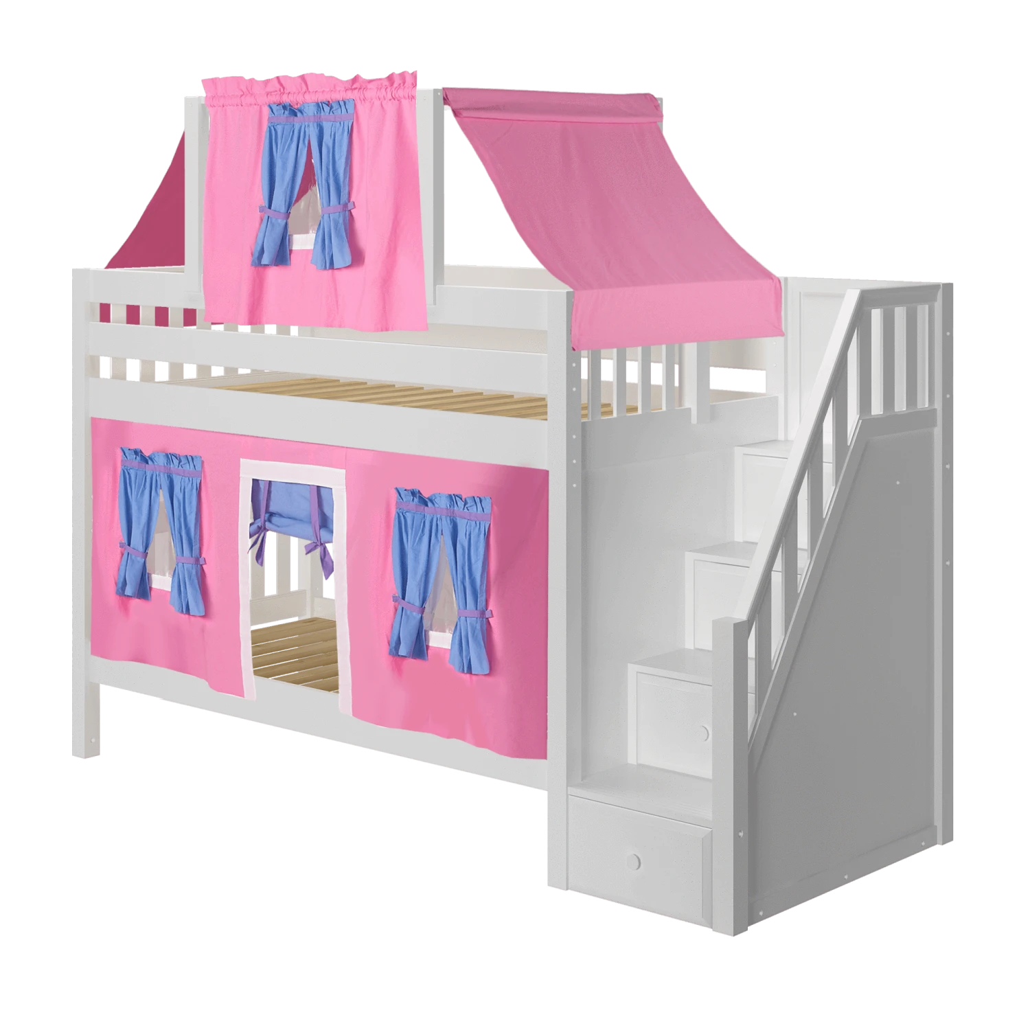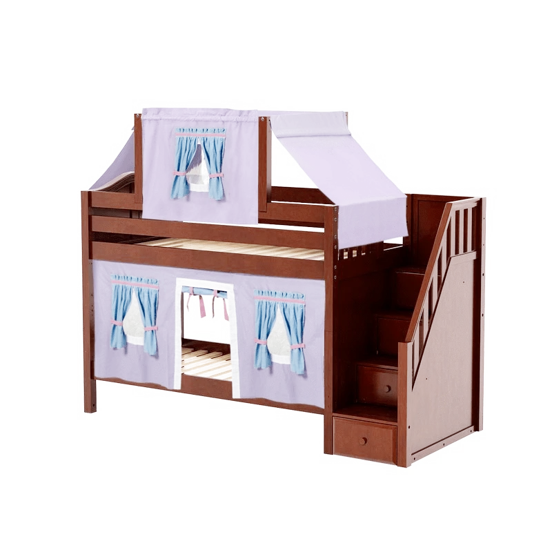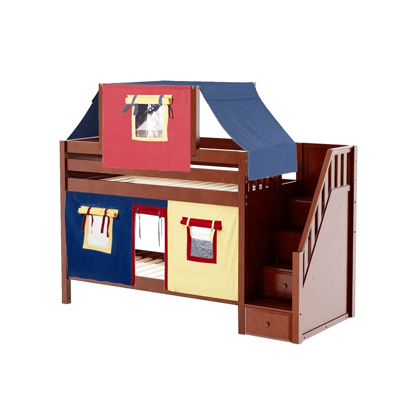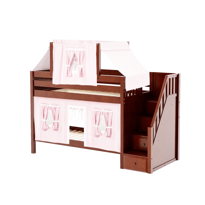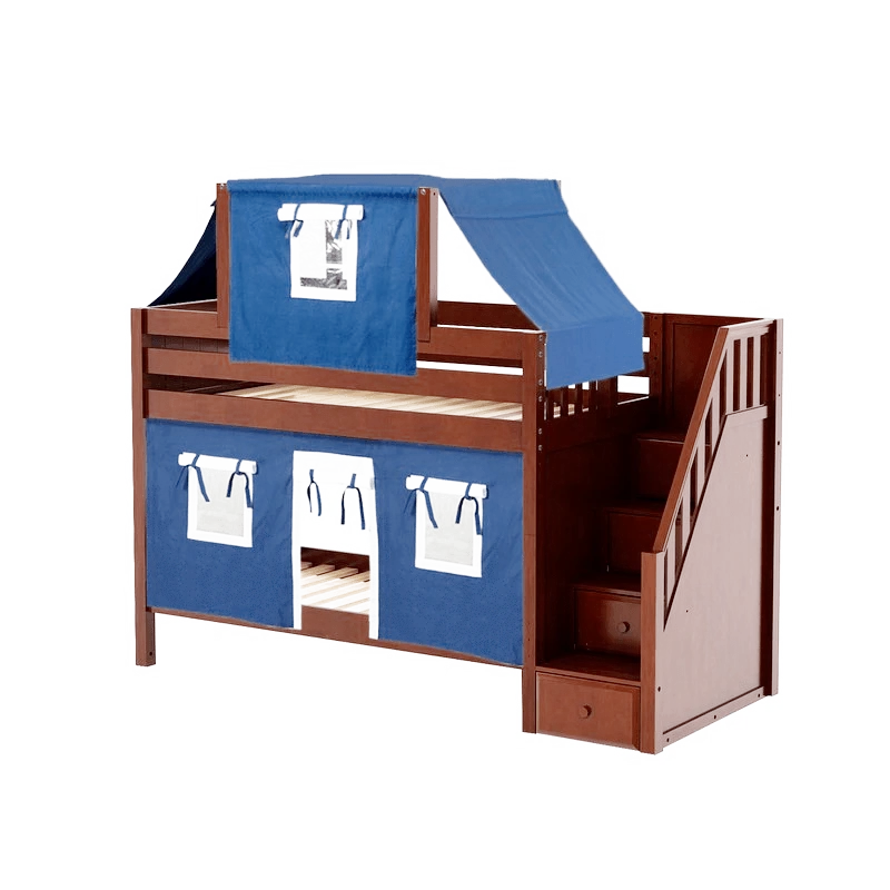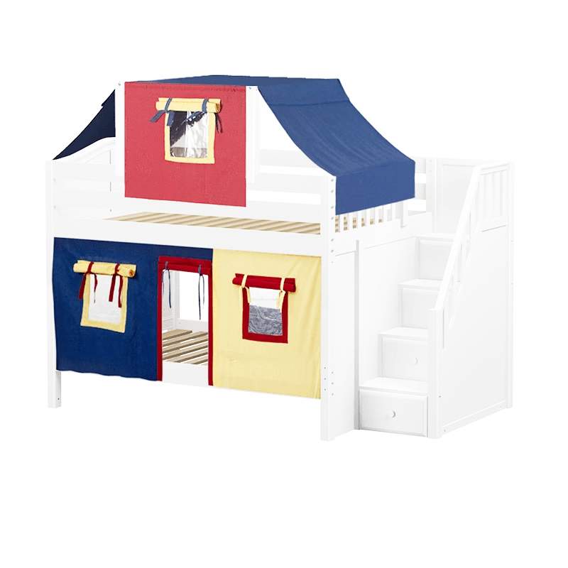 Maxtrix Twin Low Bunk Bed With Stairs, Curtain + Top Tent
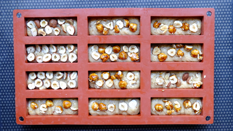 - Fill the financier mold with batter, and decorate each pastry with hazelnut halves.
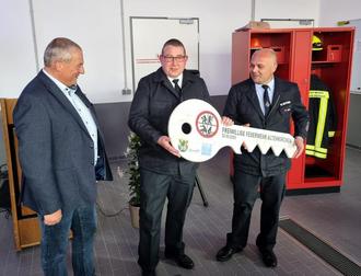Während der offiziellen Eröffnungsfeier übergab Bürgermeister Christian Breithecker (l.) den symbolischen Schlüssel an Stadtbrandinspektor Michael Rack (Mitte) und den Wehrführer der Freiwilligen Feuerwehr Altenkirchen Martin Bettner (r.). (Foto: Stadt Braunfels)
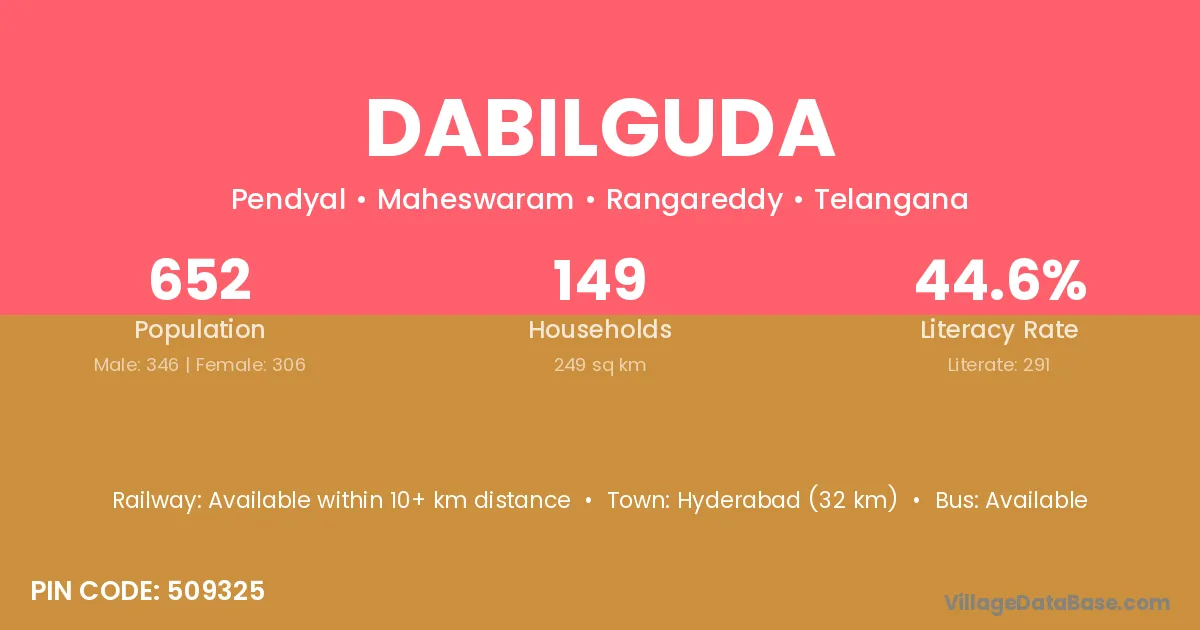 Hyderabad (32 km) is the nearest town to Dabilguda village for major economic activities and is located approximately 32 km away.
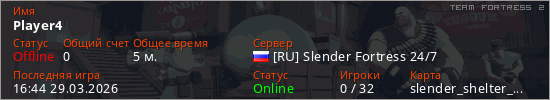 Играет на Team Fortress 2 сервере. Страна: РоссияПервый раз замечен 16:42 29.03.2026
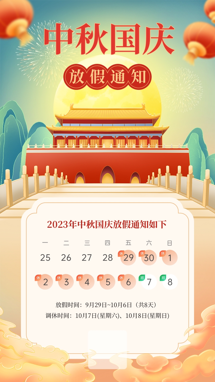 9月29日至10月6日放假調休,共8天,10月7日(星期六)、8日(星期日)上班。
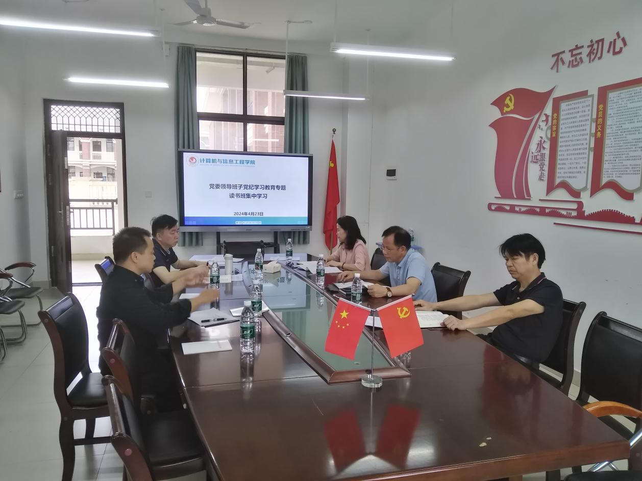 4月23日,计算机与信息工程学院党委领导班子在武鸣校区地信楼A302教室举行党纪学习教育专题读书班开班式暨第一次集中学习,学院全体领导班子成员参加会议。会议由学院党委书记余朝文主持。

*Your task*.
Leave the pictures out and retype only the lines from the line with "Играет на Team" through the final line of the material, both ends included, word for word.

*Exercise solution*.
 Играет на Team Fortress 2 сервере. Страна: РоссияПервый раз замечен 16:42 29.03.2026
 9月29日至10月6日放假調休,共8天,10月7日(星期六)、8日(星期日)上班。
 4月23日,计算机与信息工程学院党委领导班子在武鸣校区地信楼A302教室举行党纪学习教育专题读书班开班式暨第一次集中学习,学院全体领导班子成员参加会议。会议由学院党委书记余朝文主持。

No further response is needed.